Beth Ann cocked her head and Zach added, “The new neighbor wasn’t all that friendly. Hung up on me.”

“Really?” She looked shocked.

“Yep.” The conversation had been over for all intents and purposes, but around here, people said goodbye before they hung up the phone.

Beth Ann took the pepper shaker from Zach when he was finished and dropped it back in the drawer while he stirred the stew. “Susan said one side of her face was bandaged when she came in to rent the post office box.”

“I heard.” Pretty much everyone had heard. Susan wasn’t exactly shy about sharing what she knew.

Beth Ann shrugged. “Maybe she needs some time to settle in. Get used to us here.”

“Maybe.” Zach wasn’t holding his breath. He opened the cupboard and pulled out five bowls.

“Nothing for me,” Beth Ann said. “I just came to drop off the laptop and see if you needed anything from town tomorrow.”

No, because he’d have to pay for it and he was saving his money for important stuff like hospital bills and equipment repairs. “I can’t think of anything.” He put the extra bowl back in the cupboard. “Did you know that Lizzie hates red?”

Beth Ann snorted. “I got that feeling when she pouted all the way home after I bought her a red coat.”

“She, uh, lost the red coat.”

“I think Miss Lizzie and I will have a talk,” Beth Ann said flatly.

“I already had one.”

“I’ll add my voice to yours.”

He shook his head. “I want to give Lizzie a shot at doing the right thing on her own.”

“Fine.” Beth Ann headed down the hall to the living room. “I’ll see how the homework is going before I head on back to school.”

Zach counted spoons out of the utensil drawer. His sister-in-law had been a godsend during Karen’s illness and for the three years since she’d died. And despite the fact that Beth Ann was practically the antithesis of her sister in temperament, she was devoted to raising her nieces the way Karen would have wanted them raised—to the point that there were times when Zach wondered if he was taking advantage, keeping her from having a life of her own. Whenever he broached the subject, though, Beth Ann brushed him off and Zach let the matter drop.

It was a comfortable arrangement—for him anyway—and it worked.

Beth Ann came back into the kitchen with Emma behind her explaining why she had yet to start her social studies report. The beauty of Beth Ann working at the school was that she knew everything that went on in her nieces’ academic lives—much to their annoyance.

“Are you sure you don’t want some stew?” Zach asked as he set the bowls on the table. On the nights they used the slow cooker, it was every man for himself and then the girls cleaned up while he went into his office and ruined his night calculating finances.

Again Beth Ann shook her head.

“You need to eat, Tia,” Emma said, echoing the words Beth Ann so often said when vegetables played a starring role in dinner.

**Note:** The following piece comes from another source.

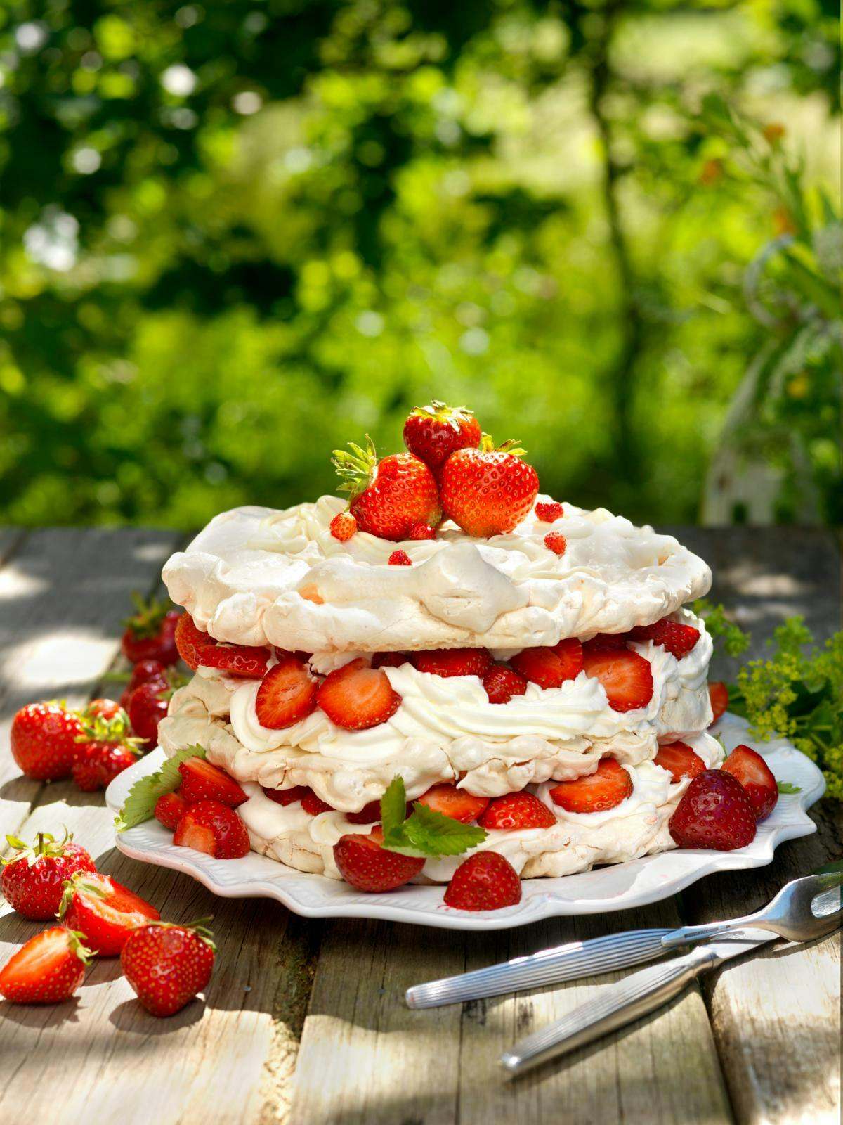 Denne marengslagkage med jordbær er perfekt til sommerens festligheder. Servér den for gæsterne på terrassen eller i udestuen, og nyd den søde forening af marengs og jordbær.

“I’ll eat. I do have food at my place. By the way, you’ll need to find your own way home from school tomorrow.” Beth Ann looked at Zach. “I have language proficiency training in town for the next three afternoons. I leave as soon as school lets out.”

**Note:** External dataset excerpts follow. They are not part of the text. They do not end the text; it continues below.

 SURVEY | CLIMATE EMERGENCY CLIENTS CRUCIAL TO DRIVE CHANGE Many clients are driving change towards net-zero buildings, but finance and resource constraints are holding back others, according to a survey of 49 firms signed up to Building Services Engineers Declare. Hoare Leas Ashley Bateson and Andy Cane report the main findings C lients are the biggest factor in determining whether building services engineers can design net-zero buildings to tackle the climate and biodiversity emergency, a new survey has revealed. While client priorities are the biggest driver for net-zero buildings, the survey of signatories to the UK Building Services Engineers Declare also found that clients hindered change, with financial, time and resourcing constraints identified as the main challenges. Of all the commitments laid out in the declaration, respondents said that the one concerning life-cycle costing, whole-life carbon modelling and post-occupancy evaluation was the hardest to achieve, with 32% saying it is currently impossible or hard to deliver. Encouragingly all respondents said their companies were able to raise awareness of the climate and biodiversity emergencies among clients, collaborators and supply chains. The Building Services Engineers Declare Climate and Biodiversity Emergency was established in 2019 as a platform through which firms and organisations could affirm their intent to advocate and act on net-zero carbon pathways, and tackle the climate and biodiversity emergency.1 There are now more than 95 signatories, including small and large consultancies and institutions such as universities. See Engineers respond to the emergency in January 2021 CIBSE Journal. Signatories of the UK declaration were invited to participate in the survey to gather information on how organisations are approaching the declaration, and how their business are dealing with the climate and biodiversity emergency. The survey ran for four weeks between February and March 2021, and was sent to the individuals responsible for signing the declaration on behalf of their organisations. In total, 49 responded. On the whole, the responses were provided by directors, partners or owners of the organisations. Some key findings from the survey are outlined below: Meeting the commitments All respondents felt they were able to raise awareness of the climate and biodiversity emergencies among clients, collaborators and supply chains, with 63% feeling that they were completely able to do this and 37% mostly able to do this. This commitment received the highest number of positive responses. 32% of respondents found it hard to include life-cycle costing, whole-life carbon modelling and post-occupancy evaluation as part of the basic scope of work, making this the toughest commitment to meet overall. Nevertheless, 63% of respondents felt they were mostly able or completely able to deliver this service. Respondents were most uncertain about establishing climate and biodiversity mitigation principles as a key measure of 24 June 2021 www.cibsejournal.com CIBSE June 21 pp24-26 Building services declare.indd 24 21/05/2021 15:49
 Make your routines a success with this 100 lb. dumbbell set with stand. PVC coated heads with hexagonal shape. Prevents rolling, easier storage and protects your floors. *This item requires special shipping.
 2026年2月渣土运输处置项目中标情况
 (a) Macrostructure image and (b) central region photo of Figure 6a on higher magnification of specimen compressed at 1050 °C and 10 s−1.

“We can walk home,” Emma said.

“Yes, but can Lizzie?” Beth Ann asked dryly. Lizzie hated walking anywhere.

“We can take our bikes,” Emma said brightly.

“Where?” Darcy asked as she came into the room.

“Tia can’t bring us home tomorrow because she has a meeting in town,” Emma said.

“I can take you to school and then you can walk home or your dad can pick you up,” Beth Ann said.

“We’ll ride our bikes,” Darcy said with an air of finality. She took her position as the oldest seriously and expected to have the last word on all matters. She was a bit like Beth Ann in that regard.

“Lizzie can’t ride a bike in your old coat,” Zach pointed out. It wasn’t difficult to imagine the outcome of a Lizzie/giant coat/bicycle spoke/gravel combination.

Emma and Darcy exchanged looks. “She’ll find her coat,” Darcy said. Emma nodded.

The two girls left the kitchen and Beth Ann smiled slightly. “Problem solved.”